Yes, acknowledged Roberts, the Court's opinion six years earlier in U.S. v. Jones, authored by Justice Scalia, did assert that the warrantless monitoring of a suspect's movements and location was unconstitutional because the police had "tresspassed" on his property--i.e., by attaching a GPS device to his vehicle without his consent. But, the Chief Justice pointed out that a majority of the Justices in Jones had actually reaffairmed the Katz "legitimate expectation of privacy" doctrine. There was Justice Alito and the 3 liberals who joined his concurring opinion, stridently rejecting Scalia's tresspass analysis in favor of Katz; and Justice Sotomayor who authored a separate concurrence, joining Scalia but also reaffirming Katz.

As Roberts explained in declining to apply some of the previously adopted doctrines, "few could have imagined a society in which a phone goes wherever its owner goes, conveying to the wireless carrier not just dialed digits, but a detailed and comprehensive record of the person’s movements." He went further: "Apart from disconnecting the phone from the network, there is no way to avoid leaving behind a trail of location data. As a result, in no meaningful sense does the user voluntarily 'assume[] the risk' of turning over a comprehensive dossier of his physical movements."

The concerns expressed by the Chief Justice in his majority opinion sounded much more like those of the liberal Justices who had previously dissented while the Court was diluting search and seizure protections. And Roberts' conservative collegues in this case understood that and objected to his aligning with the liberals in refusing to apply those law and order doctrines. Carpenter v. U.S., 2018.
[For more on the Carpenter decision, see The Supreme's Cell Location Data Decision: Right, Revealing, and a Real Milestone, June 26, 2018.]

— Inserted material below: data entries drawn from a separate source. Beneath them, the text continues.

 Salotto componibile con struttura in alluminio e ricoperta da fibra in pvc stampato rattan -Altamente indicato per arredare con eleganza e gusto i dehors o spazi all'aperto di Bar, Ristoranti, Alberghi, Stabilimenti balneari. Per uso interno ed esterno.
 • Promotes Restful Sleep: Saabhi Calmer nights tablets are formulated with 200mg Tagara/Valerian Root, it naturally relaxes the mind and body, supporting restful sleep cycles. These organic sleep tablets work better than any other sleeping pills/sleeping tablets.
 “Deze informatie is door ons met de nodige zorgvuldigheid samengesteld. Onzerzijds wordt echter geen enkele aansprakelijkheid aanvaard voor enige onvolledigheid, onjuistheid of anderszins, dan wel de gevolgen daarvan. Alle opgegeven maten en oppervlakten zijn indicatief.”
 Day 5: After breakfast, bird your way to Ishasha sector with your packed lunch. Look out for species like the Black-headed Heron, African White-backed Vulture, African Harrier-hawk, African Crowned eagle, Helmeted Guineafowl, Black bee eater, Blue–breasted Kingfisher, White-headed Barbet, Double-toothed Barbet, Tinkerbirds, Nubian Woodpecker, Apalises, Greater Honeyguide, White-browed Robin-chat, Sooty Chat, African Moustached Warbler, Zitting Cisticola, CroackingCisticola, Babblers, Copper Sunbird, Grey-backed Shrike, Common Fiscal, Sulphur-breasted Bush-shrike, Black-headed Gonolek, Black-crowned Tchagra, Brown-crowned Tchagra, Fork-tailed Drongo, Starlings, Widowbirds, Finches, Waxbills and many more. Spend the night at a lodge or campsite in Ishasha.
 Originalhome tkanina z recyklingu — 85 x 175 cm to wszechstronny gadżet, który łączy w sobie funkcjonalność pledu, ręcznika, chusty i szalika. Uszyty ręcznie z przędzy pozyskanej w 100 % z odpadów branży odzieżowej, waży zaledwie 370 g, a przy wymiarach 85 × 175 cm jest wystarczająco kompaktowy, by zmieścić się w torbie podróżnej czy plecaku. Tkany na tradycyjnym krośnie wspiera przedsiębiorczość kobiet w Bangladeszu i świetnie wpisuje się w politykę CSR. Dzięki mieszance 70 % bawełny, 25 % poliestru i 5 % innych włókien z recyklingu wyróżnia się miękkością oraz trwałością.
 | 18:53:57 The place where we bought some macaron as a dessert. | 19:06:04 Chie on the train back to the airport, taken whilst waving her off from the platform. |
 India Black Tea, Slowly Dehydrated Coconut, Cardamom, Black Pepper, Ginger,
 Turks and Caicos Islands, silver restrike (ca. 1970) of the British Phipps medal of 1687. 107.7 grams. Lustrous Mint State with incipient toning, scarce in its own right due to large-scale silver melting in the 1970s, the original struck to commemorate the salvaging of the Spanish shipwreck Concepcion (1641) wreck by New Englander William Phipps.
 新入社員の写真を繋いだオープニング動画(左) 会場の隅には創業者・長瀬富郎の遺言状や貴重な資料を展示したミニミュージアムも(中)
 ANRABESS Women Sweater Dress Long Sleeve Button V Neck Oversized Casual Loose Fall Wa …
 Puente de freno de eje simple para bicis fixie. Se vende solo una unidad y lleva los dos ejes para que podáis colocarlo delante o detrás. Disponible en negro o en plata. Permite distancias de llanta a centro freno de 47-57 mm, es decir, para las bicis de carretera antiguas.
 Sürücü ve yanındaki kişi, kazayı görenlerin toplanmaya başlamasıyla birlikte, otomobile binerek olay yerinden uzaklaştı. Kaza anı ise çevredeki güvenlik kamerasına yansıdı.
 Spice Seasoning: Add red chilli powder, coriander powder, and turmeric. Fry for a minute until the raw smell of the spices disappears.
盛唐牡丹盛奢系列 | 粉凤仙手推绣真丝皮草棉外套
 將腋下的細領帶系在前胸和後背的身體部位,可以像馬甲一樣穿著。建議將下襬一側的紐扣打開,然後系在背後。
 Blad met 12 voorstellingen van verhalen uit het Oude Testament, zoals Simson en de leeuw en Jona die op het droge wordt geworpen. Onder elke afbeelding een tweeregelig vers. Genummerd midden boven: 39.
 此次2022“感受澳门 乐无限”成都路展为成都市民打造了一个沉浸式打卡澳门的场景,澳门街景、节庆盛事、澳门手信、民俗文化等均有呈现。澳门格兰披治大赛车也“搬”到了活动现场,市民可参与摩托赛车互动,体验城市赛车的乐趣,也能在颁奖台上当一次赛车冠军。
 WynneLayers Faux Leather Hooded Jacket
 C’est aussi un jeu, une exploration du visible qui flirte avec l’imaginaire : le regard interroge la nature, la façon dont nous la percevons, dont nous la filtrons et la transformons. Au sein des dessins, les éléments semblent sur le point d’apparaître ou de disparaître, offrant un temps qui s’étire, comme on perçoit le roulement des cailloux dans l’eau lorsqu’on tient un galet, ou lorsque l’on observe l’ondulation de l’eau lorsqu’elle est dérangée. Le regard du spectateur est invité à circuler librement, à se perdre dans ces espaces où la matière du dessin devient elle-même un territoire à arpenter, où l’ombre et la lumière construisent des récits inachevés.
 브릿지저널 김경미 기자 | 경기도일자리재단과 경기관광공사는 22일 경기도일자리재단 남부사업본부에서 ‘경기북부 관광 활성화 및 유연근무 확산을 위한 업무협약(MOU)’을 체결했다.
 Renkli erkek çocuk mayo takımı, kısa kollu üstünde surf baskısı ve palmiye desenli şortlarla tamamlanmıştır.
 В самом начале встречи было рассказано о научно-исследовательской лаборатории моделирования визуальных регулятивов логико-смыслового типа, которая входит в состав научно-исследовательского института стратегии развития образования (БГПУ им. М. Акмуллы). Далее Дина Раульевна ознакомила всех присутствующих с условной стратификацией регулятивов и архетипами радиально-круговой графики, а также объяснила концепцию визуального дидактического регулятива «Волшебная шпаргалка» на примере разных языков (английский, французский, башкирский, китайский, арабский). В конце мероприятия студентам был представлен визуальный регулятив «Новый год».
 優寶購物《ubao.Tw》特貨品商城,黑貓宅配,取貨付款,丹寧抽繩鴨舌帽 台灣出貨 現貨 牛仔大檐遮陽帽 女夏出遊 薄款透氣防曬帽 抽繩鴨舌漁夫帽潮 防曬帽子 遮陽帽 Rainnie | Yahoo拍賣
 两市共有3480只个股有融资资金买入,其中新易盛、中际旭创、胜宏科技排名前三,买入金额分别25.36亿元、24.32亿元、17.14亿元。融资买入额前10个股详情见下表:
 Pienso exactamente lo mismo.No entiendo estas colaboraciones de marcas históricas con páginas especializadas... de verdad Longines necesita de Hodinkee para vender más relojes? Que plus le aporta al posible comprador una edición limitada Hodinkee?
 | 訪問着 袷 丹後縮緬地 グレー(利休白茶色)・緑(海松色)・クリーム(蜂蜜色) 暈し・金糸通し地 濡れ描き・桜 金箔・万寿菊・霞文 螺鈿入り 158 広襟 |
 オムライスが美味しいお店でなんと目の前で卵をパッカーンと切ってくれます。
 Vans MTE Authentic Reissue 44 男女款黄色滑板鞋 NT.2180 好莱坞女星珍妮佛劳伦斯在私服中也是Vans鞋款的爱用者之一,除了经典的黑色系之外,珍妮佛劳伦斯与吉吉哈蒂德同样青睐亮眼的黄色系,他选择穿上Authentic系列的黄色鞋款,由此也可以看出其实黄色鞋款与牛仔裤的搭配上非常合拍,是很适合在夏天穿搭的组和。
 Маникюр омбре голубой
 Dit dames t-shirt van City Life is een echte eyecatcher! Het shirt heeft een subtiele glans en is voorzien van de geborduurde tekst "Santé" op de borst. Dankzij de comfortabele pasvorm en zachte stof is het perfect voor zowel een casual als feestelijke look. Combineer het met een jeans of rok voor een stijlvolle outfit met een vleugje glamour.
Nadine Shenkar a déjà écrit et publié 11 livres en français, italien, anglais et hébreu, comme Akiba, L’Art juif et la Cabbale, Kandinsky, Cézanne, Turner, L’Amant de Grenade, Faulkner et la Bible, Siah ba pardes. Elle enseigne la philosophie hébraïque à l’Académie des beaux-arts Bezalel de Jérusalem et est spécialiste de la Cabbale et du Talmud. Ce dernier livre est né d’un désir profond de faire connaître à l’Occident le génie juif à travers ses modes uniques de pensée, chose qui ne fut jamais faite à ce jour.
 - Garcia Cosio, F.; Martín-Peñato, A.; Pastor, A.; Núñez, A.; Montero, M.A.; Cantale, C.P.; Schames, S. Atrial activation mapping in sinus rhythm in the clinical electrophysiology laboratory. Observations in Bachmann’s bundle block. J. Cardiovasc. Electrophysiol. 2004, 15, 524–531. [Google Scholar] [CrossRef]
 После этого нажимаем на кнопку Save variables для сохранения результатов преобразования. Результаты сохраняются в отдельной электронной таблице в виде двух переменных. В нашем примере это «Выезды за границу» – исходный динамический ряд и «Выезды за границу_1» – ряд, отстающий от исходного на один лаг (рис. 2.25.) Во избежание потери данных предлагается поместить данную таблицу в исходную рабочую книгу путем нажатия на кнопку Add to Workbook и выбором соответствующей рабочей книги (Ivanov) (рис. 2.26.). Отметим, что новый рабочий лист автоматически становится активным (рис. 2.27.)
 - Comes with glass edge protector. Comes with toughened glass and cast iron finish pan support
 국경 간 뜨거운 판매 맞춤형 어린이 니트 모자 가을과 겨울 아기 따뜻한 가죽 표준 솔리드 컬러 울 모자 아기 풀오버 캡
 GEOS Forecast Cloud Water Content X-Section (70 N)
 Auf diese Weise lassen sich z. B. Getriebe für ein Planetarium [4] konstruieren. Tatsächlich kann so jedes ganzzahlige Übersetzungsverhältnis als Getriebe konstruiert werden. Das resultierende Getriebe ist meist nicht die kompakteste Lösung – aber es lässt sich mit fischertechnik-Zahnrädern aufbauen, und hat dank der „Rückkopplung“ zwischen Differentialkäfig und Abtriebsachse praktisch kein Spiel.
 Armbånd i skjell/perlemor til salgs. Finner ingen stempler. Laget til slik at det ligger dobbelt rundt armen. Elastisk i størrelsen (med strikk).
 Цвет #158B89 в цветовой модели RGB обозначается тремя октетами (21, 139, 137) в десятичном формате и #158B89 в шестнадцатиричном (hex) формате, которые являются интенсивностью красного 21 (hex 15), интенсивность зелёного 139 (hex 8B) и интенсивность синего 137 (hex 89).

There are other cases--an increasing number of them at that--where Chief Justice Roberts has indeed established a distinct pattern of parting with his usual ideological allies on the Court and siding with the liberals to form a majority on some major, highly-charged issues. That point, I believe, has been well made, and continuing further is not only uneccessary but perhaps fatiguing. So we shall end here.

Of course, decisions handed down by the Court in the next few days, as the current term comes to a close, may well make all of the foregoing seem like wishful thinking based on a a few isolated exceptions. But the pattern is there, it is clear, and there no particular reason to think that it won't continue.